— Леша!.. Не наступи на острый камень!.. на стекло!.. В песке так много осколков!..
И замолчала, жалкая, бледная, и губы ее дрожали. И Царь нежно, умоляюще гладил ее по непокрытой, накалившейся на высоком Солнце белокурой голове.
Скорей. Скорей в Пари.
В жестокий Пари, измучивший ее.
Выпивший из нее все силы. Все соки.
Но там любимый.
Она спасла графа — она может жить спокойно?! Все только начинается. Теперь ей надо спасти Князя. А потом она спасет самого главного в этой закулисной пьесе. В этом фарсе. Она спасет барона. Бедного барона, который не подозревает, что на каждый заговор всегда находится еще один заговор; что на всякую тайну находится еще одна, глубочайшая тайна, а на них обеих уже неведомым третьим припасено разоблачение. Разгром. И всяк, задумавший деяние, лелеющий его и приближающий, в конце времен стоит на руинах. И развалины дымятся. И спрашивает человек себя: что я сделал для того, чтобы не разрушать, а рождать?

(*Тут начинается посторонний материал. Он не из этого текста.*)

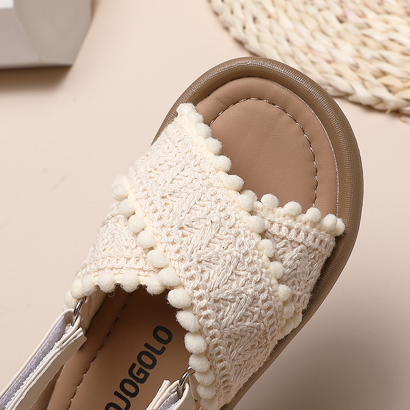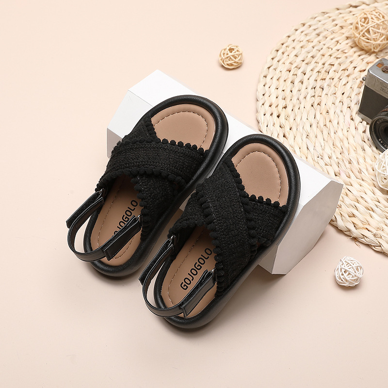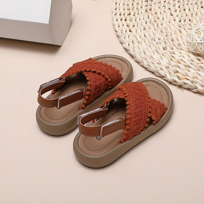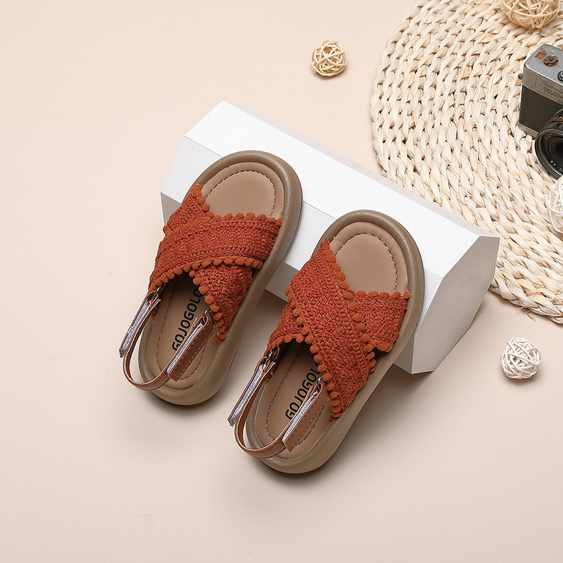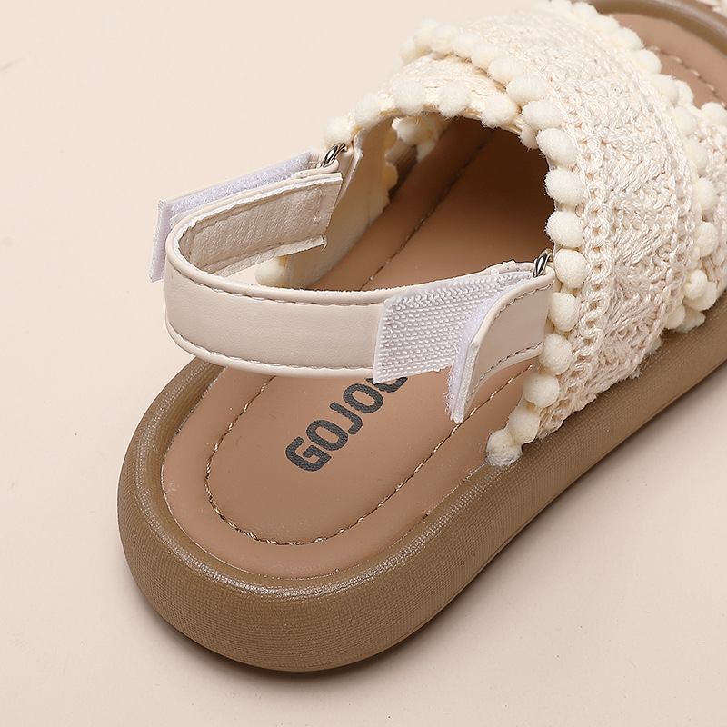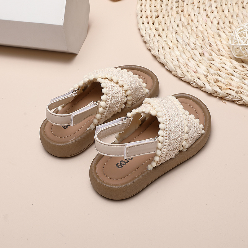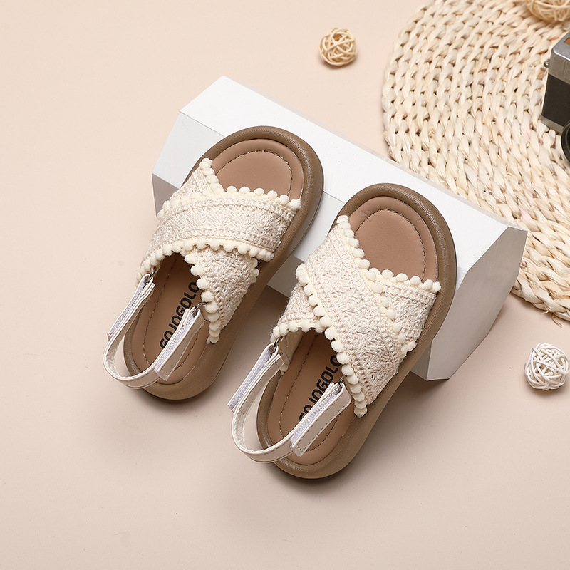소녀 샌들 2024 여름 중소 어린이 및 큰 어린이를위한 새로운 캐주얼 소프트 솔 학생 복고풍 편안한 윈드 비치스토어 가기
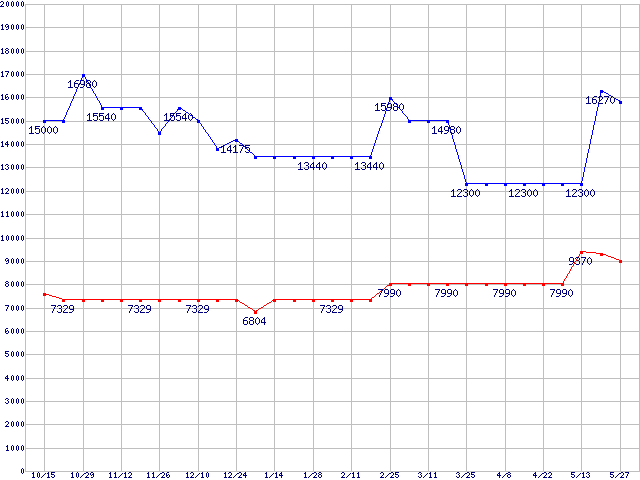 | PC3200(DDR400) DDR SDRAM DIMM ECC対応 Registeredタイプの最安値推移 | | | (2005年10月15日~2006年5月27日) |
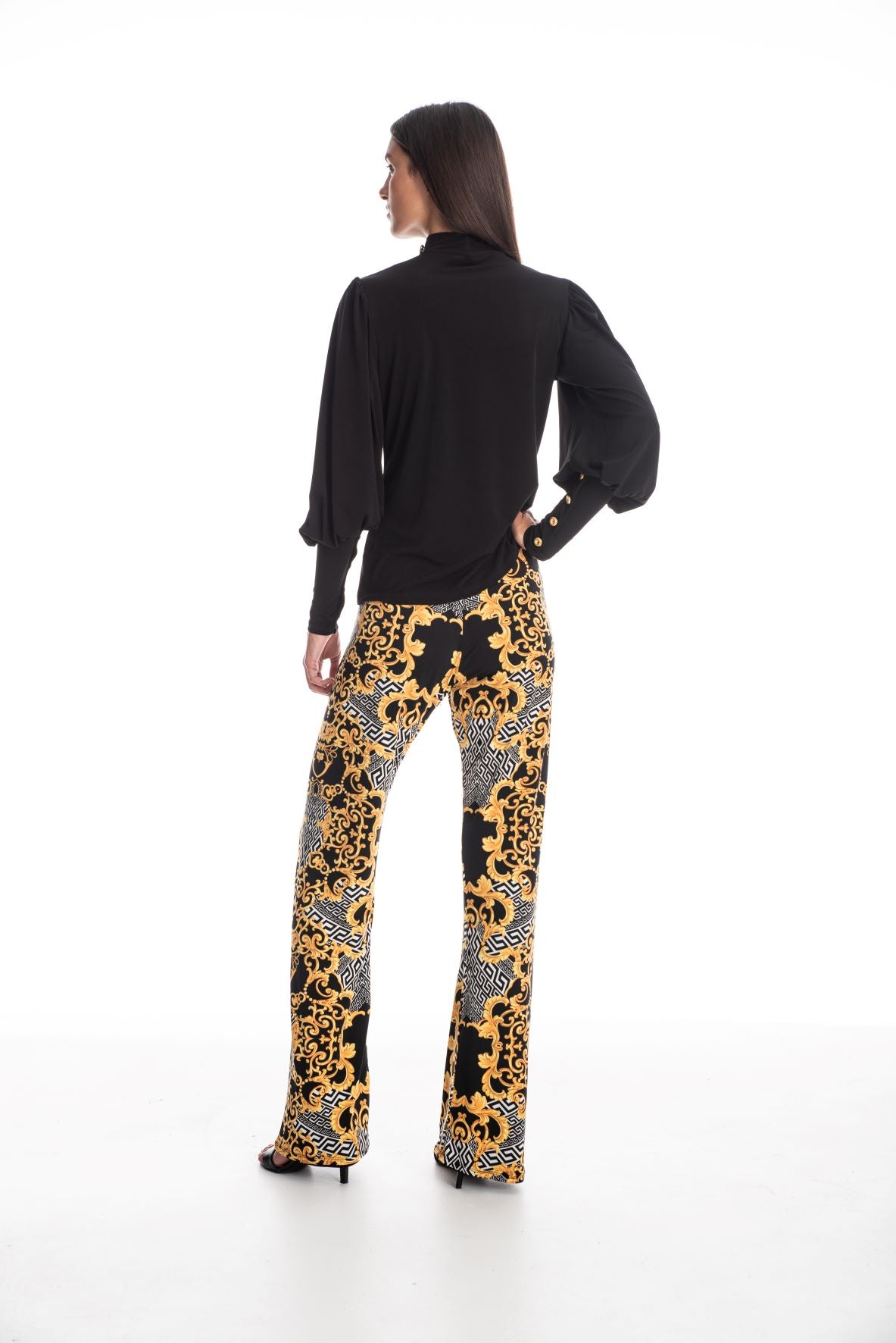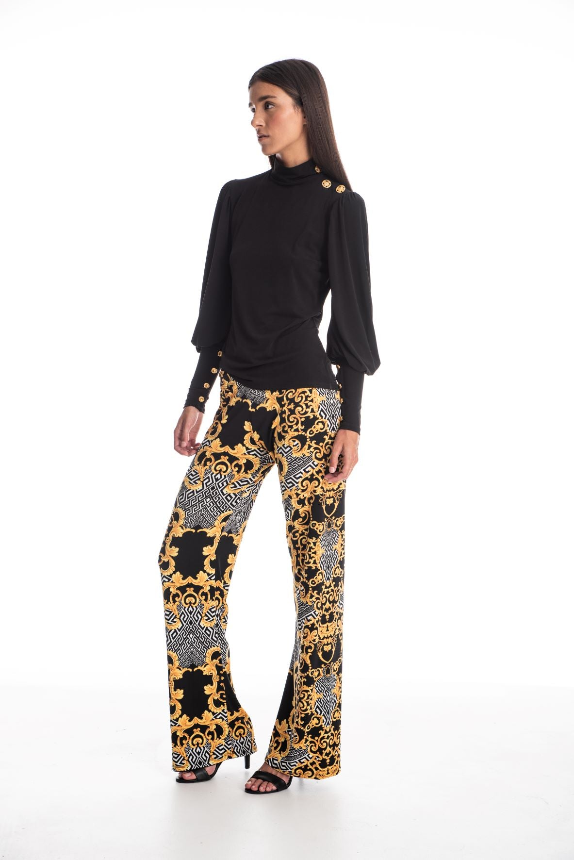Make a statement with a timeless top that is classic but on-trend. Featuring a high neck, fabulous details on the cuffs and one shoulder. The Vicky top is great for day or night.

Барон. Мне жаль тебя. Тебе хуже всех. Убивать людей тяжело. Не приведи Господь. Я тебя вылечу. Я самонадеянна, да! Но я вылечу тебя. Как? Об этом знаю только я. Плывут промысловыми рыбами богатые и бедные времена, уходят косяками далеко в море, глубоко в океан вечной ночи. А я пока что живая Мадлен. Я не потерплю рядом с собой мертвецов. Ни ходячих, ни неподдельных.
Ты что, совсем ума лишилась, Мадленка?!..
Воскресить человека… с мертвою душой?!..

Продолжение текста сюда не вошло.